Exercise requirements = In the records below, reproduce exactly the lines from the one containing "14일 서울 중구 서울광장에서" through the one containing "Workers assemble vehicles", both included, and omit the pictures.

Stored records
========================================================================

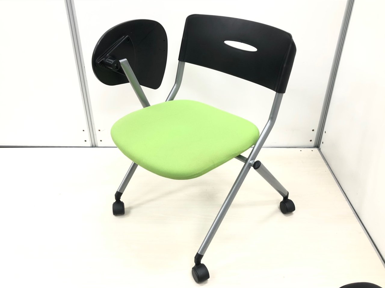 【メモ台付き】【レア商品】ライトグリーン/ネスティングチェア【テーブルいらずのミーティングチェア】- 池袋店
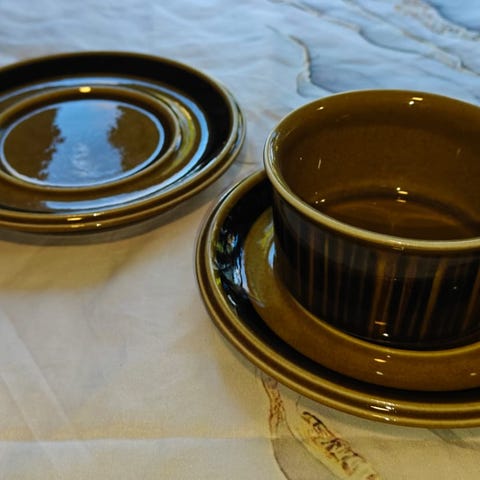 Kahvikupit 5 kpl ,lautaset 5kpl ja pullalautaset 5kpl . Teekuppeja 5 kpl ja lautaset 5 kpl. Väri Ruskea.
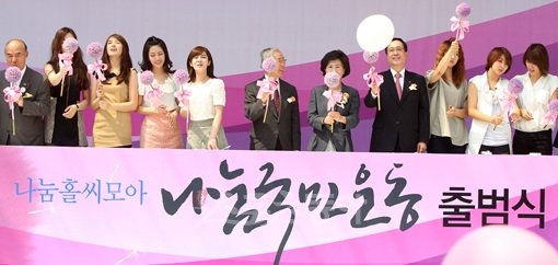 14일 서울 중구 서울광장에서 열린 '나눔 홀씨 모아' 나눔국민운동 출범식에서 진수희 보건복지부 장관, 손봉호 나눔국민운동본부 대표, 홍보대사 티아라와 포미닛 등이 나눔홀씨 확산 세리머니를 하고 있다.
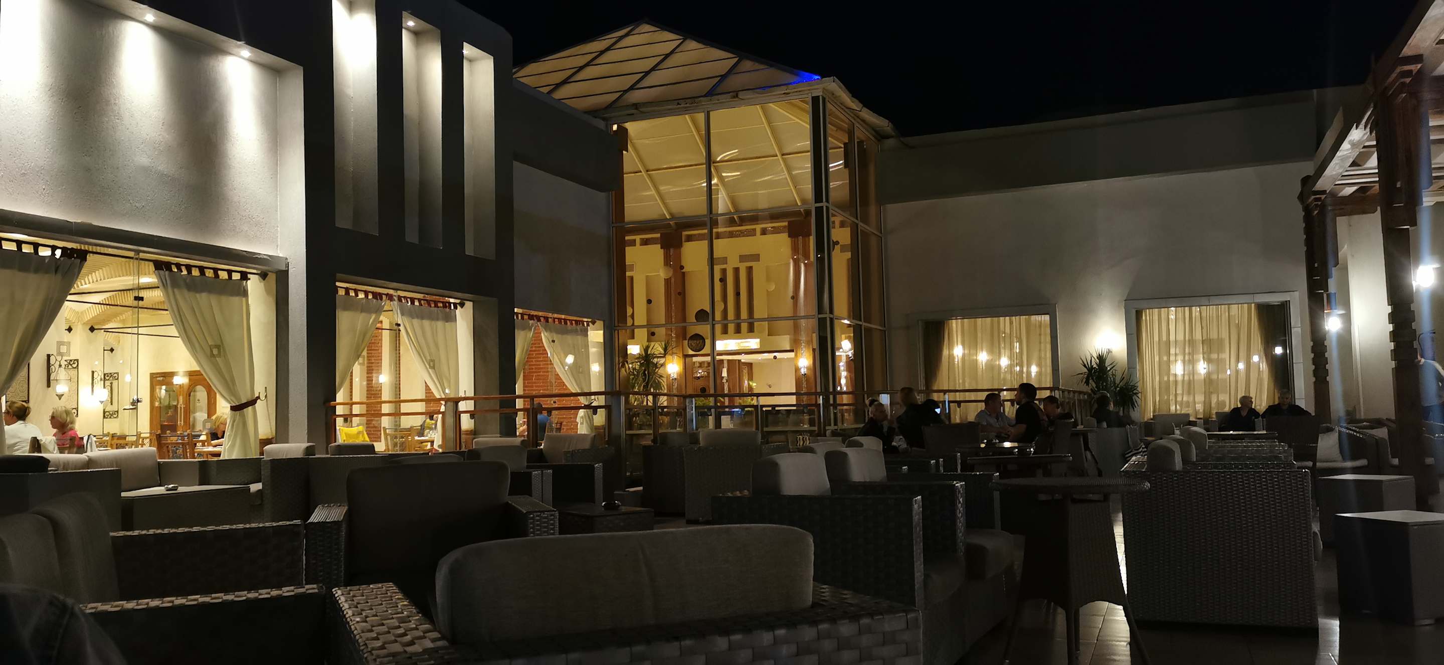 Die Sitzgelegenheiten außen an der Lobbybar
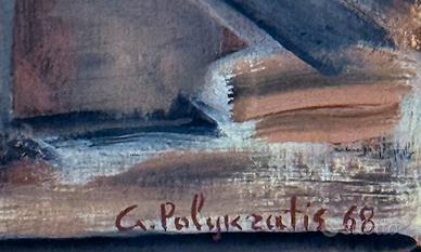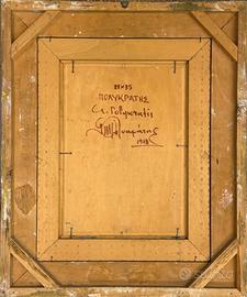 Giorgio Polykratis (Naxos (Grecia), 1931) Maternità olio su compensato, cm 35x25 firmato e datato 68 in basso a sinistra, al verso firmato e titolato
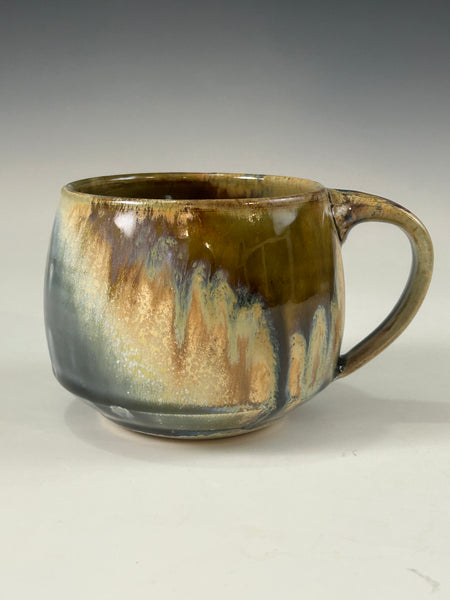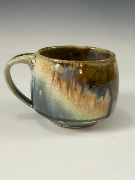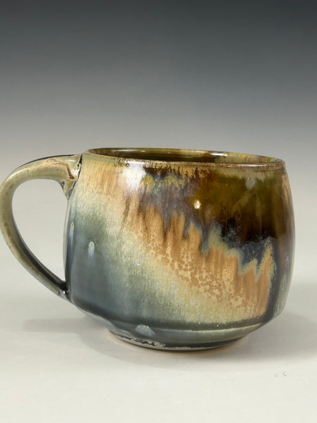 The glaze is a Blue with tenmoku and rutile stain. Mug was fired to cone 10 in reduction.
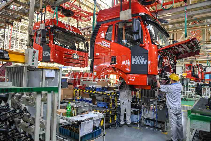 Workers assemble vehicles at the general assembly line of FAW Jiefang, a truck-manufacturing subsidiary of First Automotive Works (FAW) Group Co. Ltd., in Changchun, northeast China's Jilin Province, Sept. 1, 2020. (Xinhua/Zhang Nan)
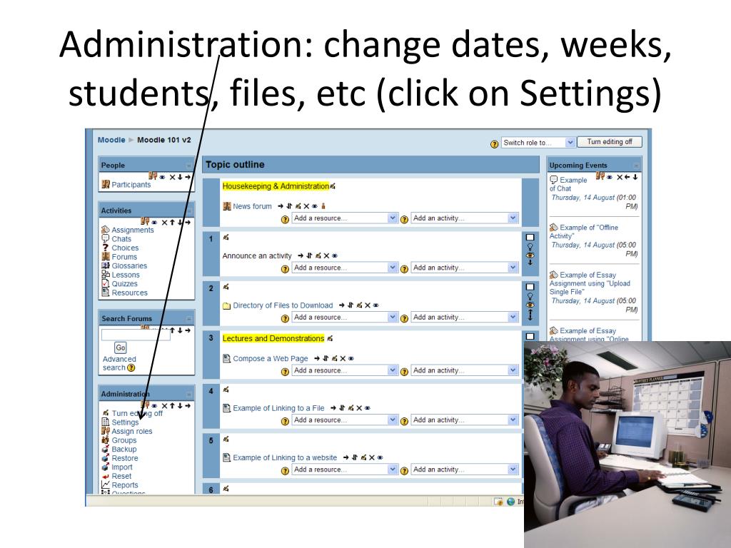 Administration: change dates, weeks, students, files, etc (click on Settings) 18
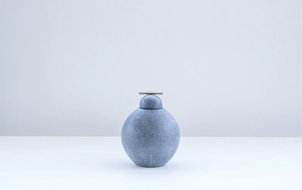 Vaso esculpido em pedra-sabão, com design geométrico que valoriza a união entre linhas simples e proporções equilibradas. A rocha natural apresenta variações de tonalidade que vão do rosado ao acinzentado, tornando cada peça única. Produzido artesanalmente, o vaso destaca a textura e o brilho sutil do material, revelando o encontro entre forma, matéria e movimento.
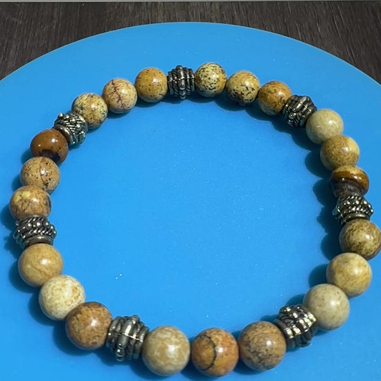 Petrified Wood Crystal Bead Bracelet. 8mm. Unique Crystal Bracelet With Cool Spacers.
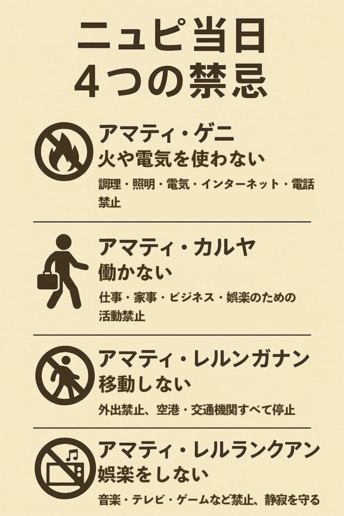 ニュピ当日、バリ島では「チャトゥール・ブラタ・ペニェピアン」と呼ばれる4つの主要な禁忌が厳格に守られます。これらの禁忌は、島にいるすべての人々、地元住民はもちろん、観光客にも適用されます。

========================================================================

Written reply =
 14일 서울 중구 서울광장에서 열린 '나눔 홀씨 모아' 나눔국민운동 출범식에서 진수희 보건복지부 장관, 손봉호 나눔국민운동본부 대표, 홍보대사 티아라와 포미닛 등이 나눔홀씨 확산 세리머니를 하고 있다.
 Die Sitzgelegenheiten außen an der Lobbybar
 Giorgio Polykratis (Naxos (Grecia), 1931) Maternità olio su compensato, cm 35x25 firmato e datato 68 in basso a sinistra, al verso firmato e titolato
 The glaze is a Blue with tenmoku and rutile stain. Mug was fired to cone 10 in reduction.
 Workers assemble vehicles at the general assembly line of FAW Jiefang, a truck-manufacturing subsidiary of First Automotive Works (FAW) Group Co. Ltd., in Changchun, northeast China's Jilin Province, Sept. 1, 2020. (Xinhua/Zhang Nan)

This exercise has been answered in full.